Not on myself, but on the grass. I stepped out of the way, knowing to respect the chainsaw. I picked it up and tried again. I dropped a few more times, once or twice watching as the saw blade chopped it’s way through the dirt and grass. It is a somber feeling to imagine my hand being the recipient of such a chopping. On that note, don’t go shopping for chainsaws to juggle while wearing sandals. It makes your feet feel very naked and vulnerable.

I practiced enough to get a good clean run of a juggle (with one chainsaw and two juggling clubs – nine total catches). That was it for the day. I went to the hotel, showered up, and came back for the evening program.

I was a little nervous throughout the evening before my chainsaw bit. I had families tell me they were praying for my safety ever since they heard I was going to juggle a chainsaw for the first time. Then, a little 3-year old looked at me before my program and said, “Yu gonna juggle chinsaw, and yu gonna die.” And he said it with a large grin on his face.

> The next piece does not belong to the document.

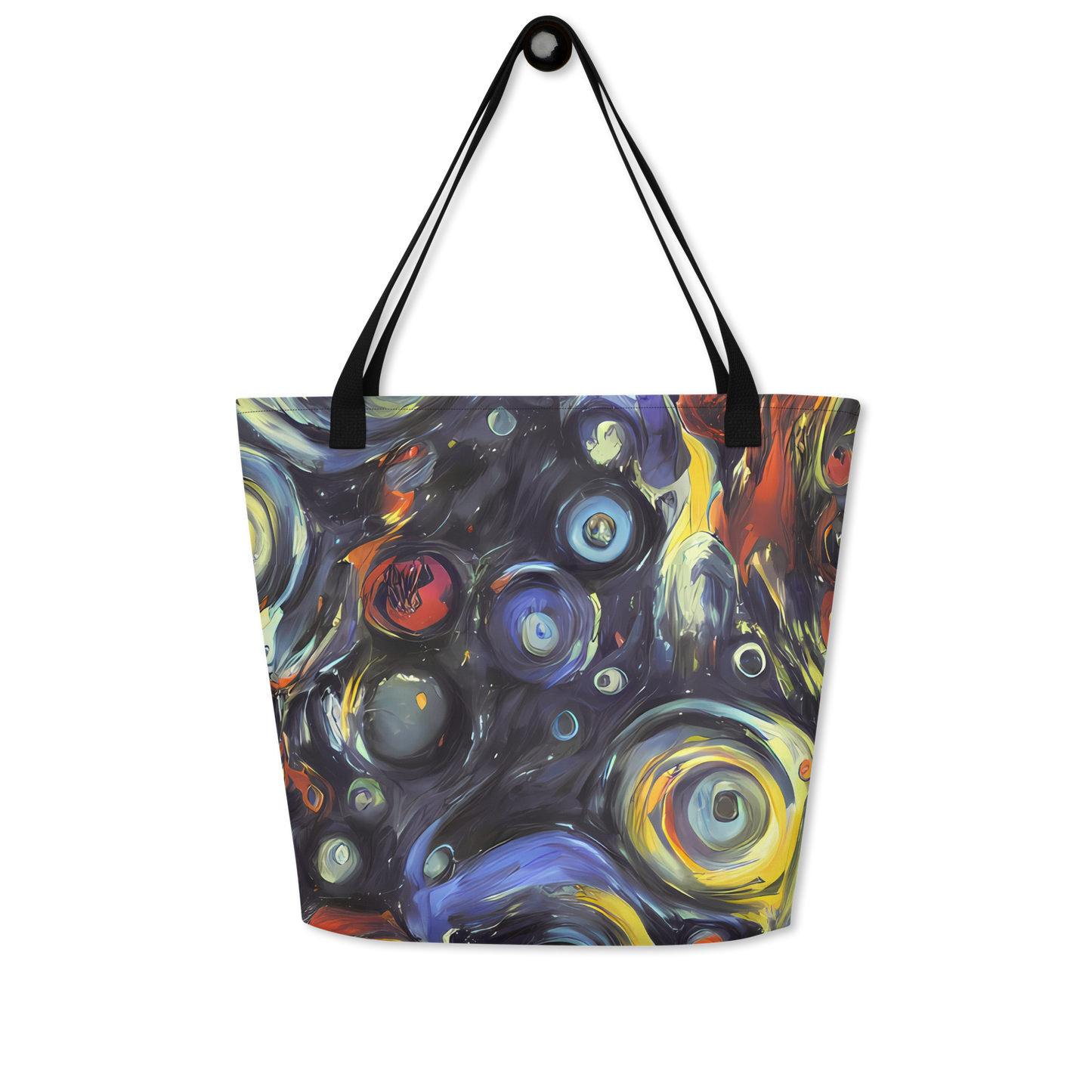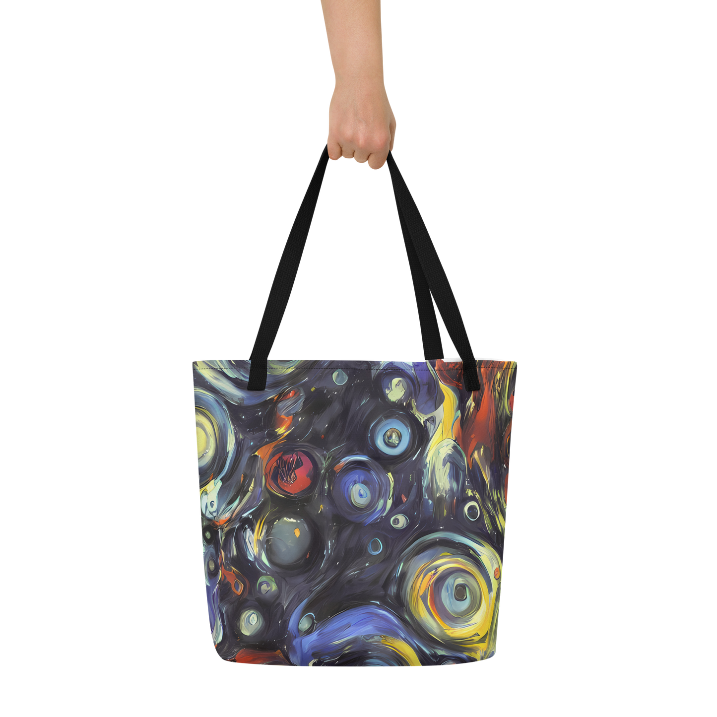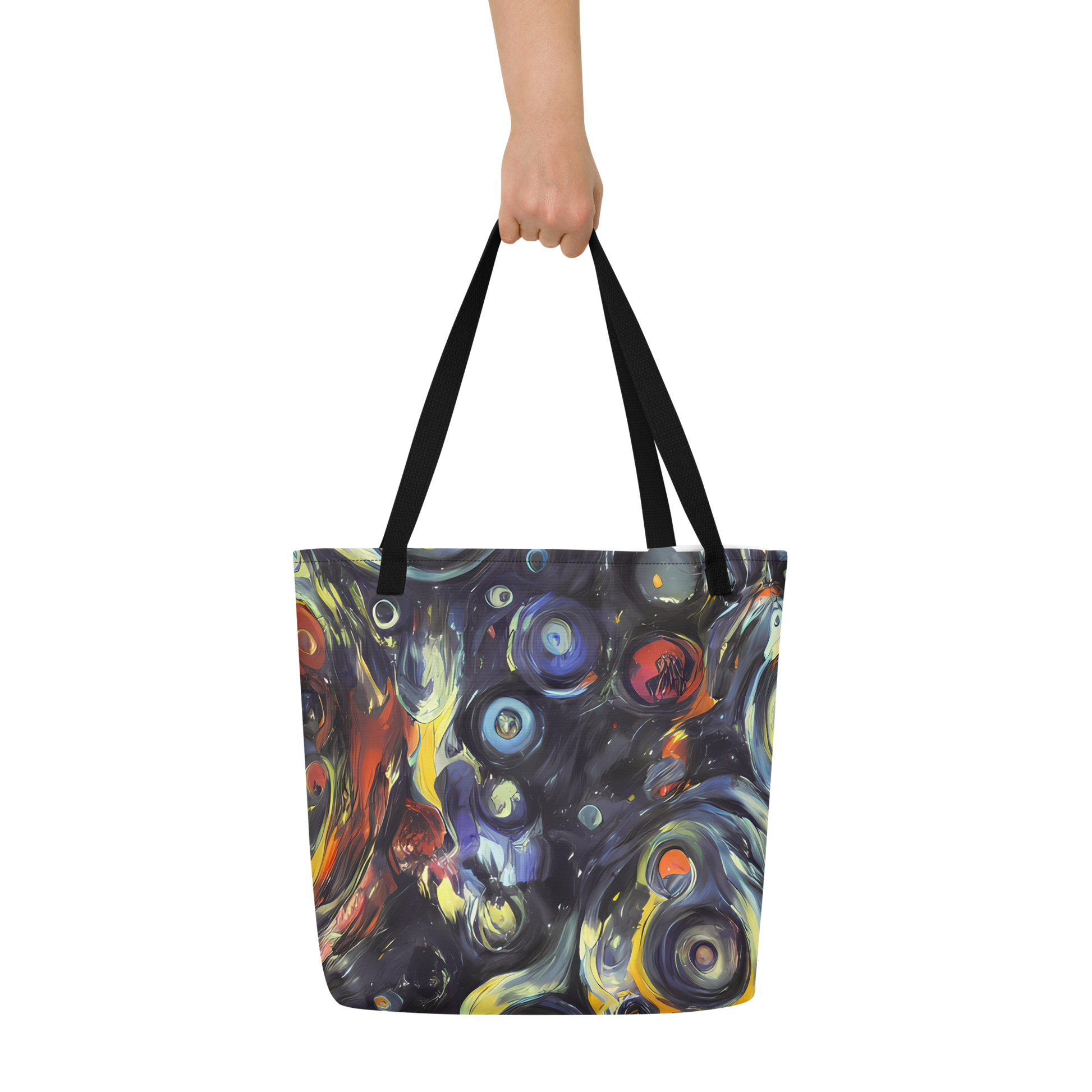 Ignite your daily ensemble with the exuberance of our Large Tote Bag featuring the exclusive "Corinthian Swirl" pattern. This AI-crafted masterpiece merges the spontaneous energy of abstract art with practical design, creating a tote that is not just a bag but a bold statement piece. Its swirls of blues, yellows, and fiery oranges are reminiscent of Lovis Corinth's expressive brushwork, designed to captivate attention and complement your unique style, whether you're at an artistic event or a casual spring or autumn gathering.

I finally got to the end of my 45-minute program and it was time for the chainsaw. We all went outside on the grass (in case I, you know…) After a few attempts at chainsaw jokes, I went ahead and did the real thing – juggling a live, running, sharp chainsaw. I did my nine catches and stopped. Everybody cheered. I became a chainsaw juggler. What a life.

Ninja Juggling


This post is pure fun. My friend, Duke Holbrook, and I ventured out to Triangle Park in Lexington, KY this past Tuesday for some juggling. But this was no ordinary juggling. This was “ninja juggling.” There is a strict dress code for ninja juggling – all black. Duke recommended that we not don the black headgear, as we might draw some unnecessary attention from the authorities.

We met at 9pm. He was on time, but to my demise, I was a few minutes late. Ninjas must be punctual you know. But Duke seemed OK with my tardiness. He’s used to it. I was late this time because my wife wanted some 6-filter ionized biodegradable pure raw vegan water from the health food store. So I filled up the three jugs, got some other groceries, paid my dues at the cash register, and finally made it to ninja juggling.

The ninja juggler appears at the park, and then disappears. The prop of choice is the LED lighted beanbag. These are soft juggling balls with some very bright battery-powered lights. They leave streaks in the sky when you juggle them.

Duke and I did some individual juggling with 3, 4, and 5 balls each. Then we did some passing of 7, 8, and even an attempt at 9 between the two of us. We drew some onlookers, mostly college students roaming around with nothing else to do but watch two black silhouettes-of-men toss some colorful balls into the air.

The interesting thing about ninja juggling is that what is impressive during the daytime is not impressive at night. That means that we can execute all sorts of neat juggling tricks (like under the leg and behind the back) that have absolutely no “wow” factor in the dark (because you can’t really see body moves). What really shows up in ninja juggling are simple patterns with lots of swinging and twirling of the balls in fast motions. Basically, whatever leaves streaks looks cool.

And it was in a streak that Duke and I left. We came, we juggled, we ninja-ed, and we split. And the authorities never got close to us. I’m out.